NERC filed the settlement with the commission Dec. 30, 2024, in a spreadsheet notice of penalty. The ERO also filed a separate spreadsheet NOP for violations of the Critical Infrastructure Protection standards, but information on these infringements was not disclosed for security reasons. The commission also approved the CIP violation settlements.
Commissioner Judy Chang did not participate in FERC’s decision, according to the commission’s filing.
The spreadsheet NOP did not identify the other REs involved in the settlement besides SERC. However, it did list the facilities where violations were found. These facilities were located in Texas, Oklahoma, North Carolina, Wyoming, California, Iowa and Kansas, suggesting that the Texas Reliability Entity, Midwest Reliability Organization and WECC could be parties to the settlement as well. SERC said in the filing that the facilities were part of an existing coordinated oversight agreement.
All of the facilities involved were built by Duke Energy Renewables and operated by the utility until 2023, when DER was acquired by Brookfield Asset Management and rebranded Deriva Energy. Duke Energy Renewables Services continued to operate the facilities.
According to the spreadsheet NOP, Duke informed SERC in 2023 that the solar and wind facilities were not compliant with FAC-008-5 (Facility ratings). Requirement R6 of the standard mandates that transmission owners and GOs must “have evidence to show that [their] facility ratings are consistent with the documentation for determining” those ratings.
A total of 12 of the documented facilities had lacked accurate facility ratings since their registrations first became effective, SERC said, ranging from July 2009 to April 2023. In eight cases, the documented rating was higher than the rating of the facility’s most limiting element; the magnitude of the difference ranged from 1.23 MVA to 17.35 MVA. The other four had ratings lower than the most limiting element.
Three more facilities had accurate ratings at the time their registrations became effective, but the facilities were rerated in February 2023 after a vendor miscalculated the capacity of the wind turbines at each site. As a consequence, the utility established new ratings that were lower than the previous ratings. These errors were corrected by June 2023.
In addition, DERS had all of its entities perform an extent of condition review, which identified inaccurate equipment ratings at seven more solar and wind facilities.
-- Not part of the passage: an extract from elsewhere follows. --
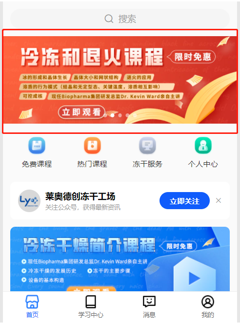 關(guān)注“萊奧德創(chuàng)凍干工場(chǎng)”官方公眾號(hào),獲取凍干講堂線上培訓(xùn)課程。

These locations “documented accurate overall facility ratings but had included several inaccurate equipment ratings for individual elements in the workpapers supporting the facility ratings,” SERC said.
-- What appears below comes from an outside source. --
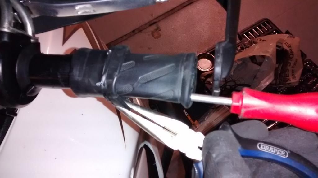 First you have to pull the grip away from the end part of the throttle. The grip is wrapped on the end plastic retainer and pulls aways from the throttle as below.

The RE determined that because of the length the inaccuracies persisted, FAC-008-5’s predecessors FAC-009-1 and FAC-008-3 were infringed as well. It attributed the root cause of the violations to a “programmatic failure resulting from deficient fleet-wide internal controls,” noting that DERS did not perform a secondary review to identify errors in the initial facility rating calculations and that “numerous errors in the initial … evaluation still occurred” despite the utility’s practice of capturing element ratings through nameplate photos.
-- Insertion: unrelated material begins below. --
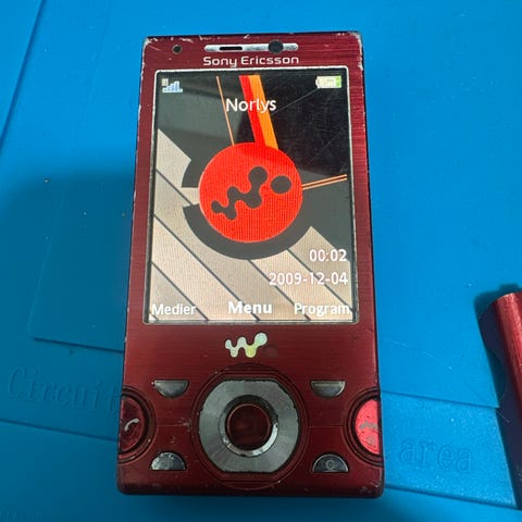 - Oplader (der er gået lidt fra i gummiet, men kablerne er stadig isoleret

SERC assessed the risk posed by the infringement as “elevated” because of the widespread nature of the issues, caused by the programmatic failure. The RE observed that running in excess of the facility rating, as occurred at three facilities, could lead to damaged equipment and outages, although this did not happen in practice. Also, SERC said the incorrect ratings could lead to system instability “because planning models and system operating limits would not accurately reflect the true limits of the facility.”
SERC and the other regions did not award mitigating credit for self-reporting because DERS submitted the reports after it was notified of an upcoming compliance audit.
Deriva took several actions to mitigate the noncompliance in addition to updating the element and facility ratings. These include updating the NERC implementation checklist to require a walkdown to verify ratings before registration, developing a new procedure for creating and updating the facility ratings spreadsheet, training relevant staff on documentation updates and completing on-site walkdowns of all appropriate facilities to verify ratings.